A particle is projected from ground with some initial velocity making an angle of `45^(@)` with the horizontal. It reaches a height of `7.5 m` above the ground while it travels a horizontal distance of `10 m` from the point of projection. The initial speed of the projection is

To solve the problem, we need to find the initial speed of a particle projected at an angle of \(45^\circ\) with respect to the horizontal, which reaches a height of \(7.5 \, m\) and travels a horizontal distance of \(10 \, m\). ### Step-by-Step Solution: 1. **Understanding the Problem**: The particle is projected at an angle of \(45^\circ\). This means that the initial velocity can be broken down into horizontal and vertical components: \[ u_x = u \cos(45^\circ) = \frac{u}{\sqrt{2}} \] \[ u_y = u \sin(45^\circ) = \frac{u}{\sqrt{2}} \] 2. **Vertical Motion**: The maximum height \(h\) reached by the projectile is given as \(7.5 \, m\).
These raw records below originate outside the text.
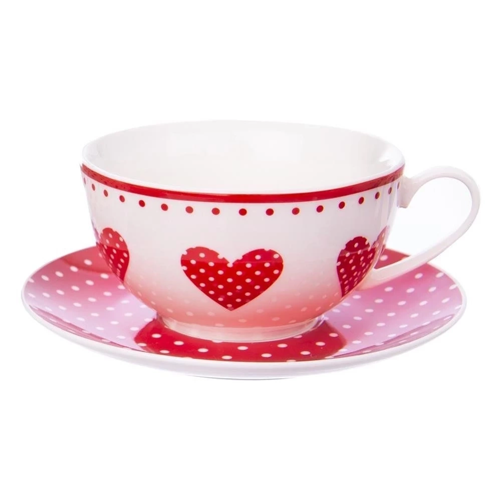 - PORCELANOWY - Zestaw wykonany jest z wysokiej jakości porcelany w białym kolorze. Naczynia posiadają efektowne zdobienia w formie serc i kropek na powierzchni w czerwonym kolorze. Odpowiednio użytkowane posłużą długie lata.
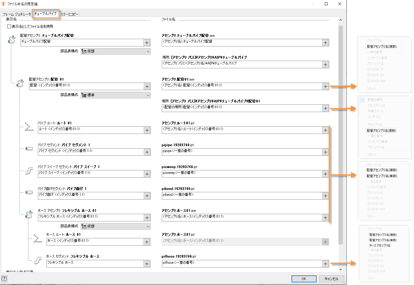 配管アセンブリ ファイル名を手動で定義する際に、子コンポーネントに新しい属性を使用して、ファイル名を継承します。
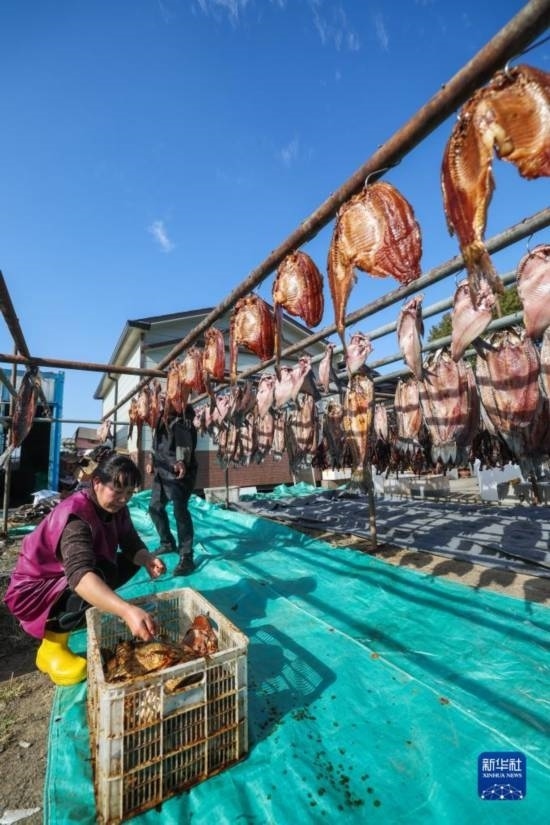 浙江省諸暨市白塔湖湖畔的村鎮(zhèn)居民有冬季曬魚干迎新年的傳統(tǒng)習俗。臨近年末,當?shù)卮迕裼貌稉频那圄~、鳊魚、白條魚等晾曬魚干,迎接新年、增收創(chuàng)收。
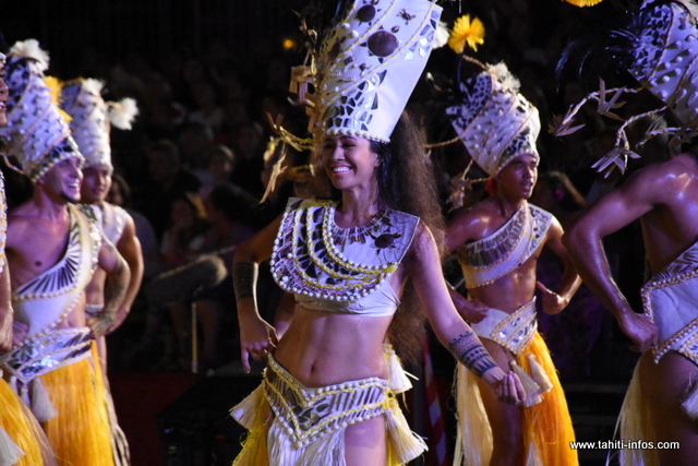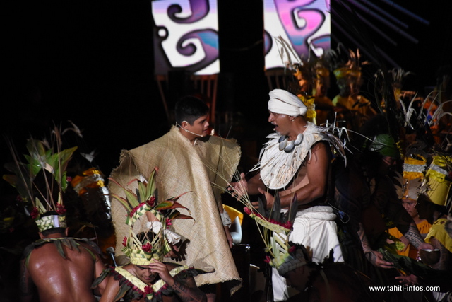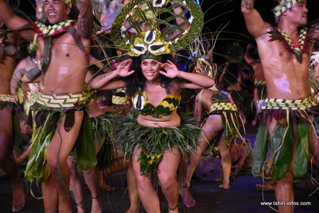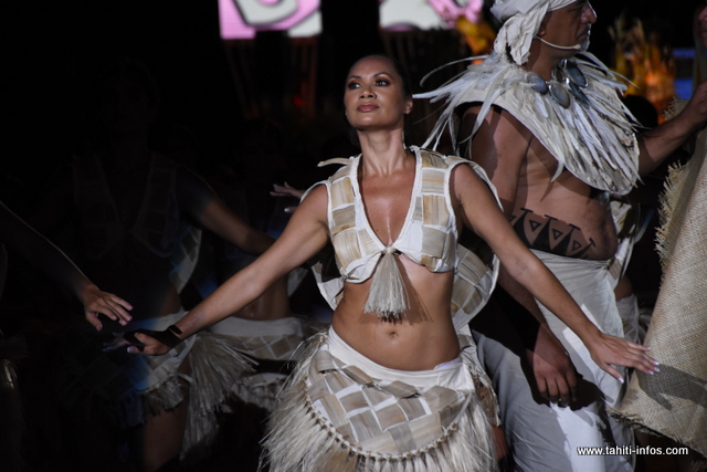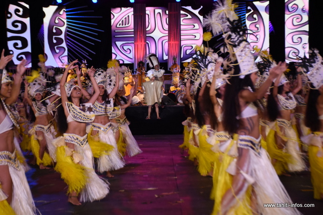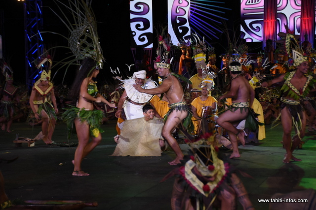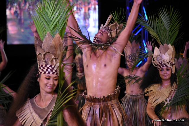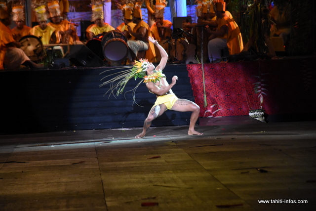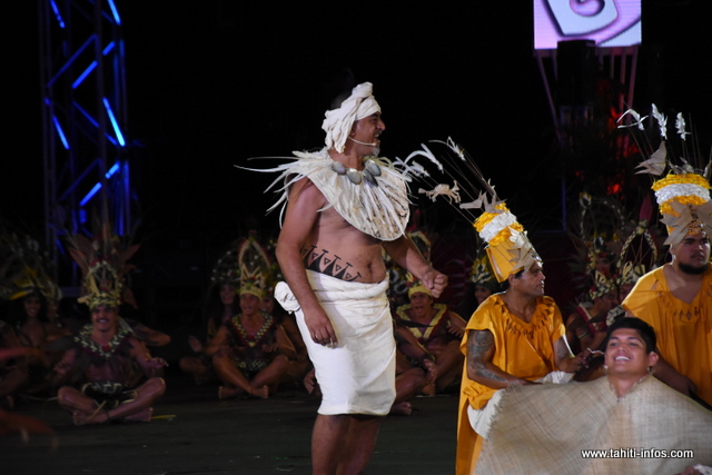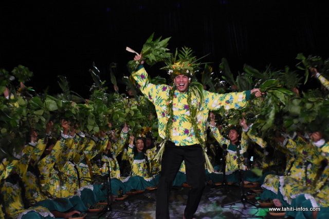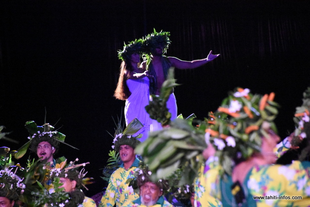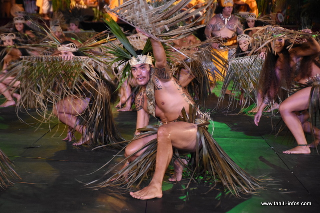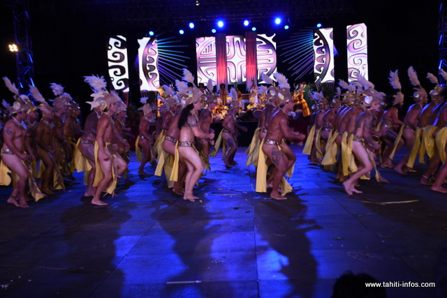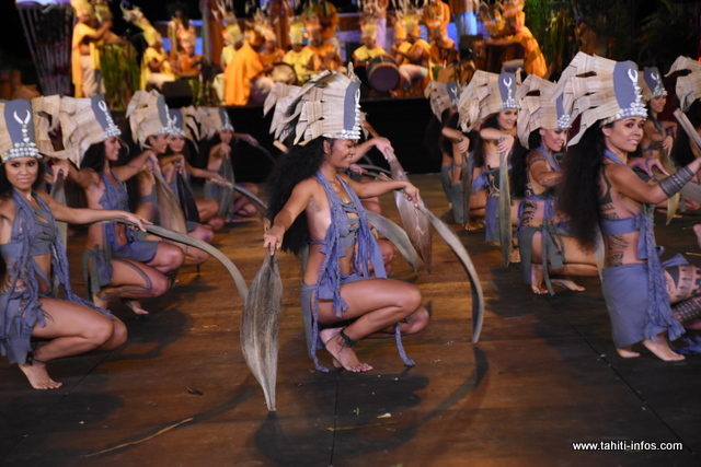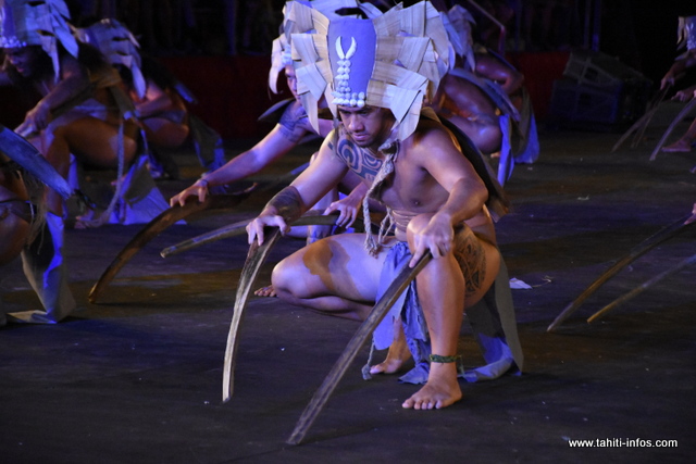 C'était le clou de la soirée de vendredi, la troupe de Kehaulani Chanquy a tapé fort encore cette année, avec son thème : Tūpaia - E aha nei ra ho'i ? Un spectacle très dynamique qui a rassemblé 200 danseurs sur la scène. Plusieurs tableaux pour raconter les enseignements de Tūpaia à son neveu, Taiata. Des messages qui relatent la façon de voir de nos anciens, une vie où le polynésien vivait en accord avec l'environnement qui l'entourait.

The formula for maximum height in projectile motion is: \[ h = \frac{u_y^2}{2g} \] Substituting \(u_y\): \[ 7.5 = \frac{\left(\frac{u}{\sqrt{2}}\right)^2}{2g} \] Simplifying this: \[ 7.5 = \frac{u^2}{2 \cdot 2g} = \frac{u^2}{4g} \] Rearranging gives: \[ u^2 = 30g \] 3. **Horizontal Motion**: The horizontal distance \(R\) traveled by the projectile is given as \(10 \, m\). The time of flight \(t\) can be calculated using the horizontal motion: \[ R = u_x \cdot t \] Since \(u_x = \frac{u}{\sqrt{2}}\): \[ 10 = \frac{u}{\sqrt{2}} \cdot t \] Rearranging gives: \[ t = \frac{10\sqrt{2}}{u} \] 4. **Finding Time of Flight**: The time of flight for a projectile launched at an angle can also be expressed in terms of its vertical motion. The total time of flight \(t\) can be calculated using: \[ t = \frac{2u_y}{g} = \frac{2 \cdot \frac{u}{\sqrt{2}}}{g} = \frac{\sqrt{2}u}{g} \] 5. **Equating the Two Expressions for Time**: Now we have two expressions for time \(t\): \[ \frac{10\sqrt{2}}{u} = \frac{\sqrt{2}u}{g} \] Cross-multiplying gives: \[ 10g = u^2 \] 6. **Substituting for \(g\)**: We can substitute \(g \approx 9.8 \, m/s^2\): \[ u^2 = 10 \cdot 9.8 = 98 \] Thus: \[ u = \sqrt{98} \approx 9.9 \, m/s \] ### Final Answer: The initial speed of the projection is approximately \(9.9 \, m/s\).